When J. Robert Oppenheimer, often called the “father of the atomic bomb, was selected to administer a laboratory to carry out the Manhattan Project, the program that developed the first nuclear weapon during World War II, little did he might have realized that world would not need an atomic weapon to devastate mankind after almost 81 years. A single virus is enough to destroy whole mankind.

Photo by Tobias Rehbein on Unsplash

Never in the world, any one,even in his dreams, would have thought that, an invisible enemy, originated from China in December, 2019 would unleash its terror in such a way that people around the world won’t be able to step out of their homes. Covid-19 has devastated the economies of all countries for the time being. In many countries scores of people have become unemployed. Few African countries are facing shortage of food and water.
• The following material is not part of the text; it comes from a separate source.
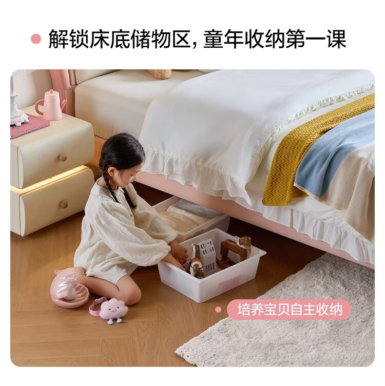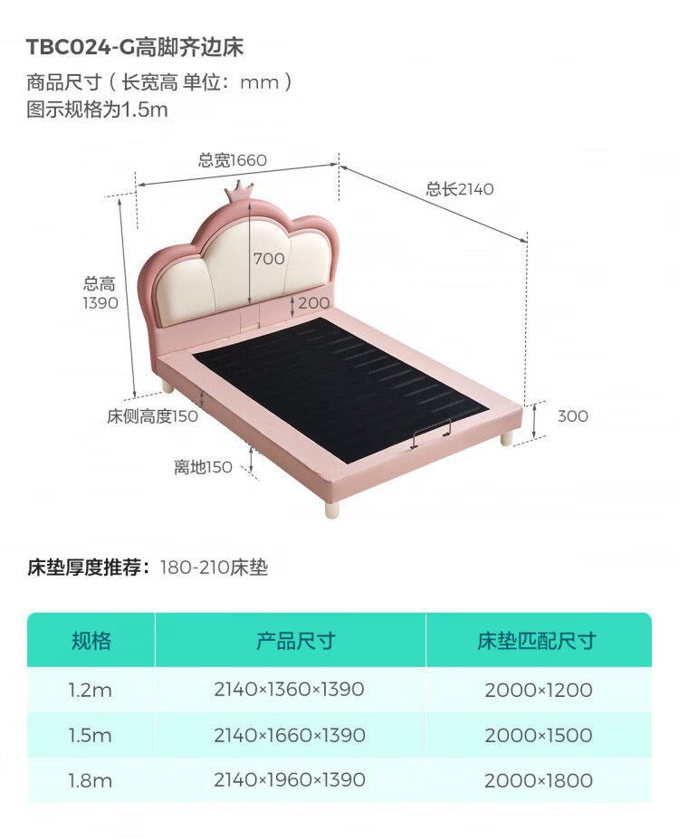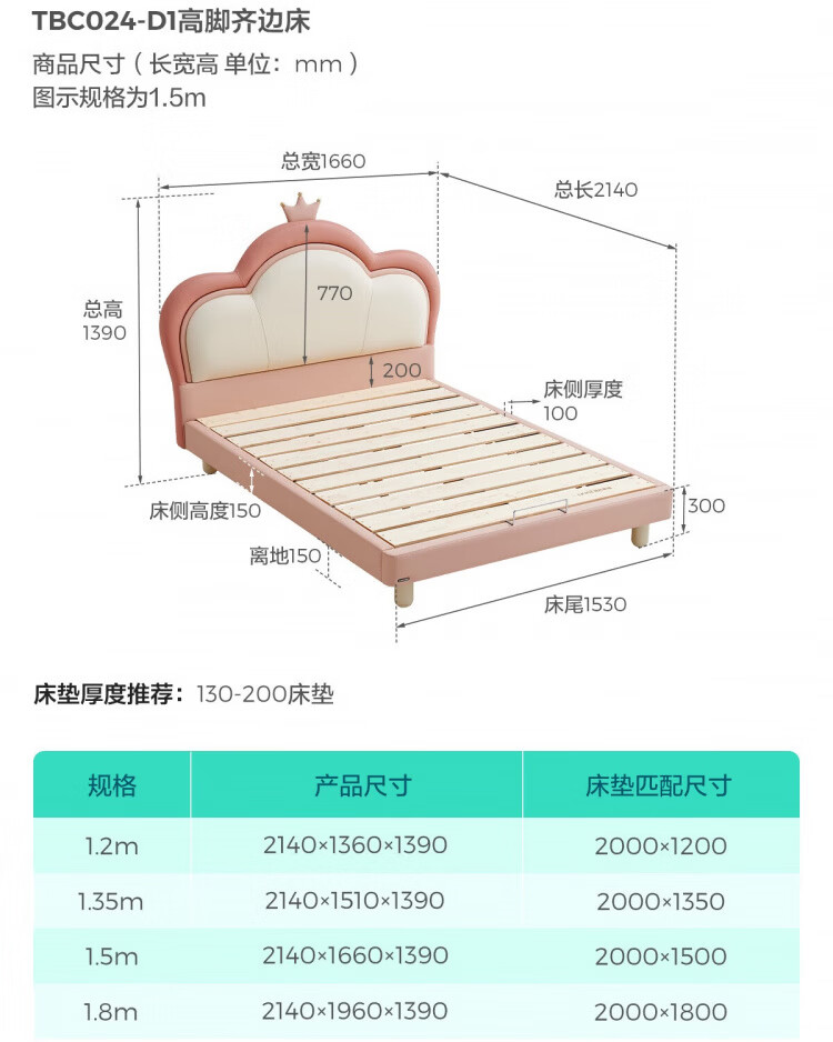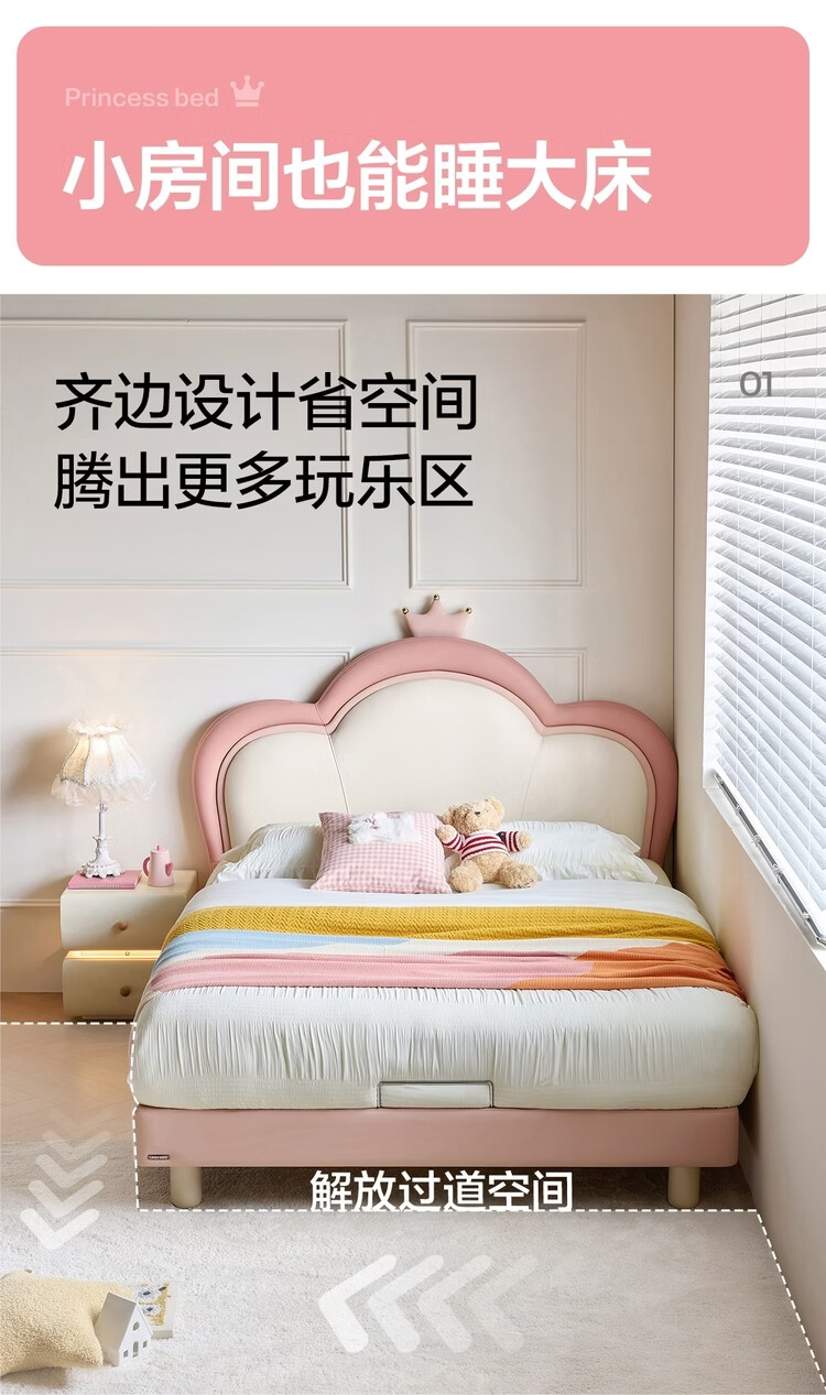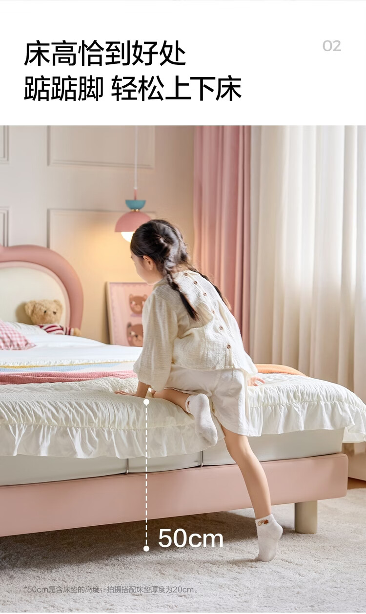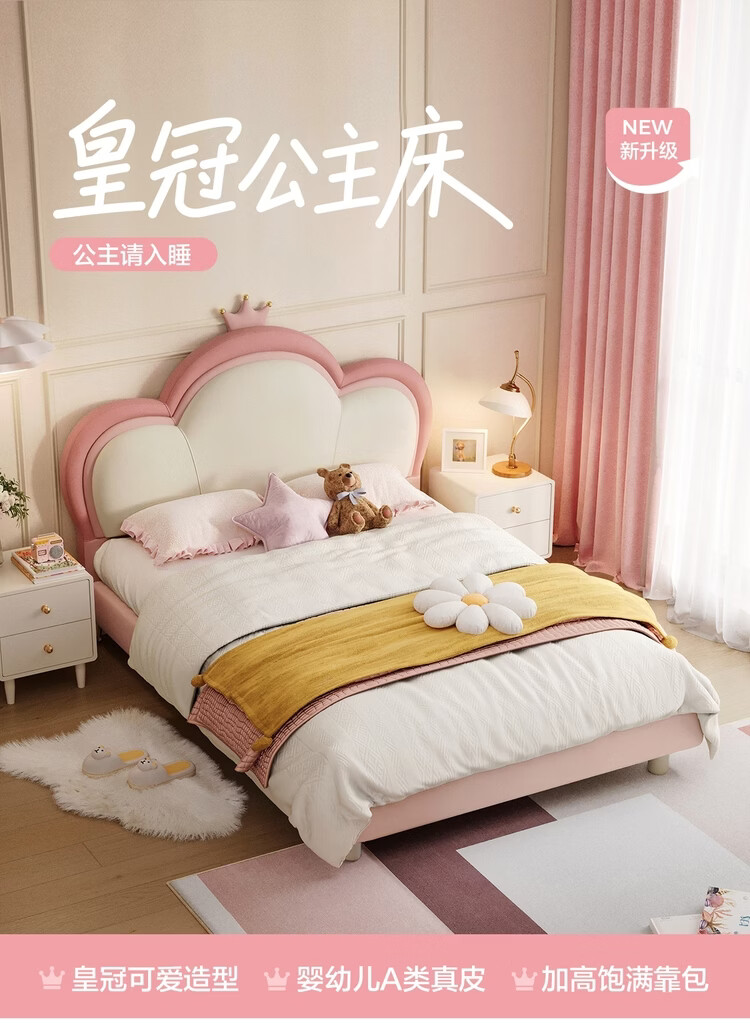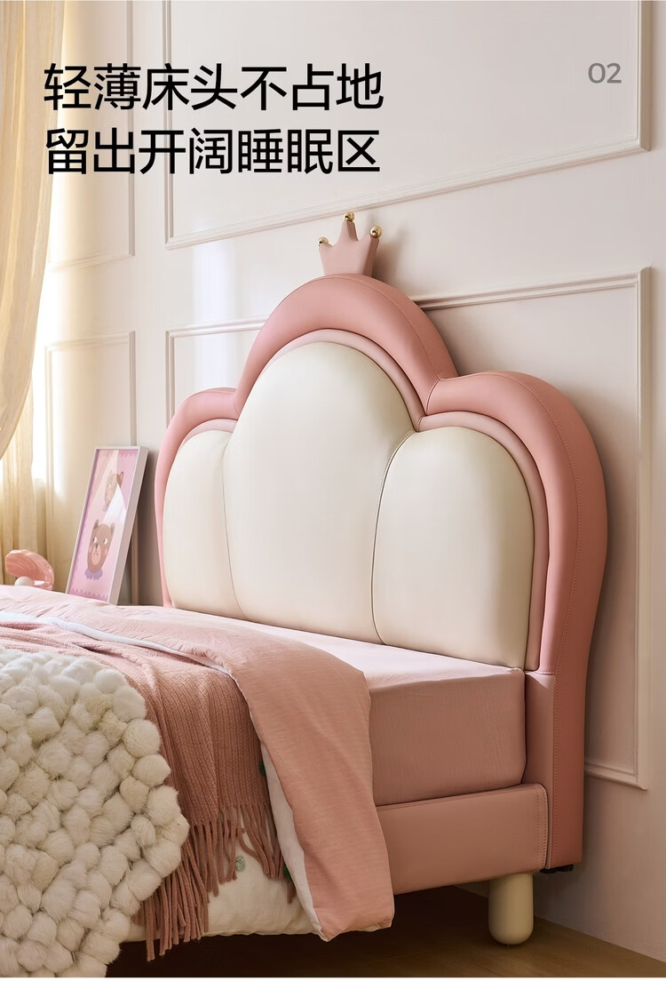 Lin's Home Children's Bed Princess Bed Double Bed Girl Sensor Light Suspended Bed Crib Single Bed Furniture Queen Bed TBC024 Genuine Leather | 100% Solid Wood Frame High Bed 1.2x2 Meters Bed + 20cm Spine Protector Mat (CKD103B)

It seems that the Earth has stopped its movement on its axis.

Covid-19 has done an irreversible damage to the world economies and human race. Even if scientists develops the vaccine to remove it from the world in near future, definitely the world would not be same again.

In this article I want to show you some visualizations which you can do in Tableau. I have cleaned the data in R and using R, I prepared a csv file which I used in Tableau to generate visualizations.

R recently developed a library covid19.analytics. Whenever you use it in your code, it will fetch the latest data for you. It’s a beautiful package where you can do some beautiful visualizations. Since it is still being developed, I used it to generate data for myself and used this data in Tableau visualizations.

I could have used R ggplot2 also to do the visualizations. But I find that Tableau gives you more space to think out of the box.

Since I wrote the article on 17/05/2020, the data is up to 16/05/2020 only.

Here is the R code for you, which you can directly use. You just need to copy and paste the code in your project.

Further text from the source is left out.